→ The problem: Among the lines of the data below, count those that hold the word "Baosteel". Answer with the number alone.

[Items from a data source]
*** Block opens ***

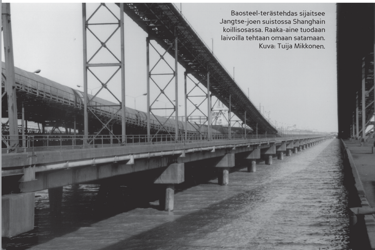
Baosteel-terästehdas sijaitsee Jangtse-joen suistossa Shanghain koillisosassa. Raaka-aine tuodaan laivoilla tehtaan omaan satamaan.

Yhtiön tunnus on ”Green Baosteel”, sillä keskeinen osa yrityspolitiikkaa on luonnon huomioon ottaminen. Tehdasalue kattaa huikat 19 neliökilometriä. Kokonaispinta-alasta 43 % on luonnonvaraista metsää ja viheraluetta. Tämän lisäksi tuotantoalueella on eläintarhakin. Yhtiön tavoitteena on vih-
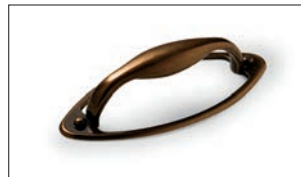
Cassetta Ottone antico Antique brass Latón antiguo Cuirre ancien Кассета Состаренная латунь Alter Messing
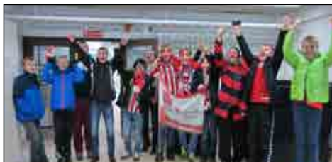
Landsholdet - yeeeeeeeeeh!
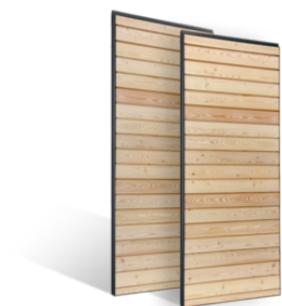
VOLETS COULISSANTS LAMES DE 58mm AJOURÉES EN BOIS EN SAVOIR PLUS
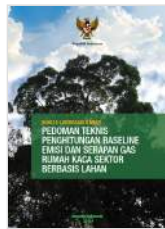
Pedoman Teknis Penghitungan Baseline Emisi dan Serapan Gas Rumah Kaca Sektor Berbasis Lahan
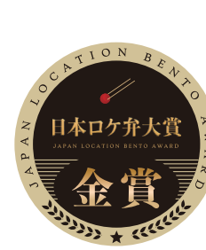
2024年6月 第1回 日本ロケ弁大賞 金賞受賞

塚田農場おべんとラボのお弁当の美味しさは数々の受賞実績が証拠。 食材や調理法にこだわり抜いたお弁当を是非ご賞味ください。
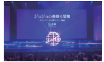
「ジョジョの奇妙な冒険」 ジャパンプレミア
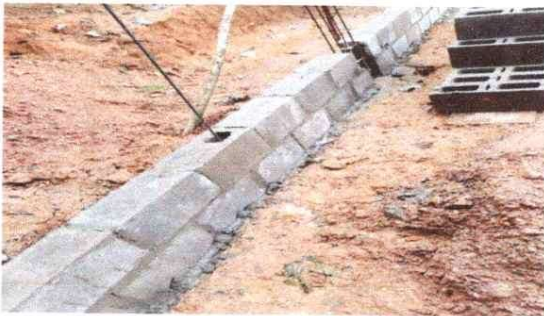
Sustitución de simiento y biga de humedad
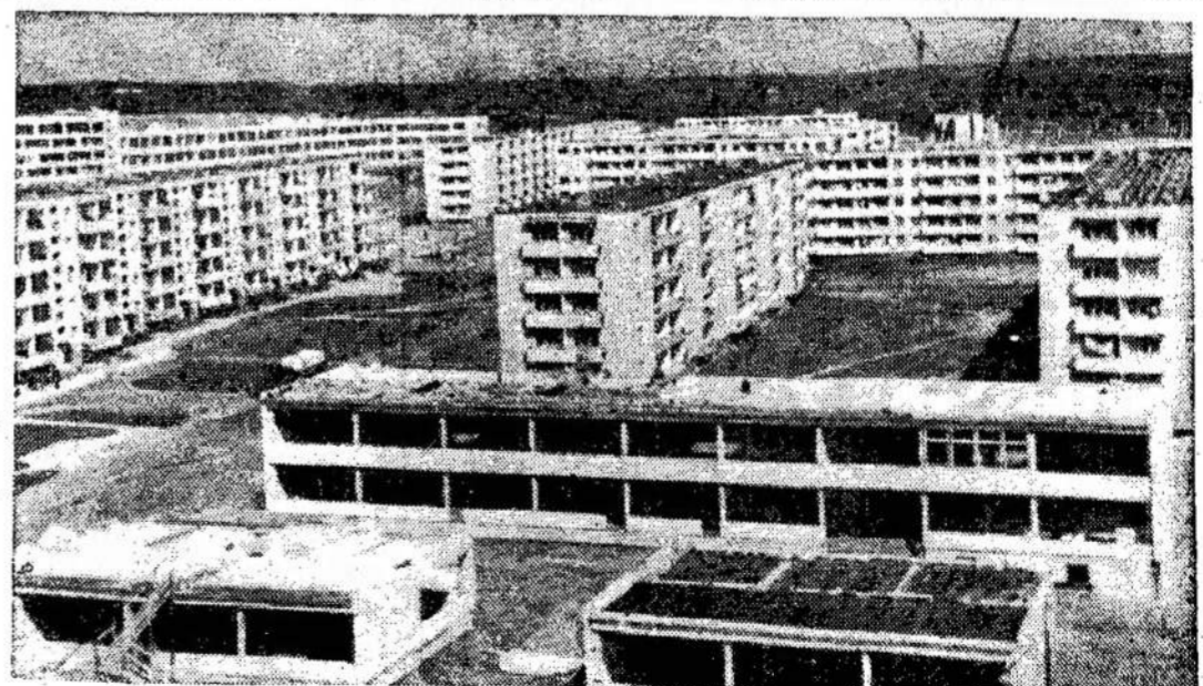
Vilnius auga nesulaikomai. Nauji gyvenamieji namai.
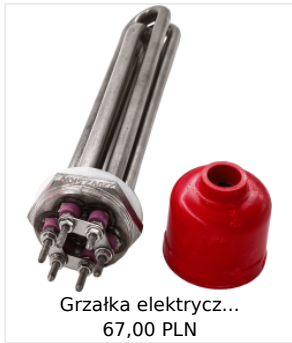
Grzałka elektrycz... 67,00 PLN
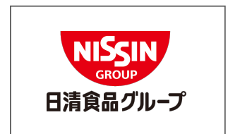
日清食品グループ

*** Block closes ***

→ Output for this task: 2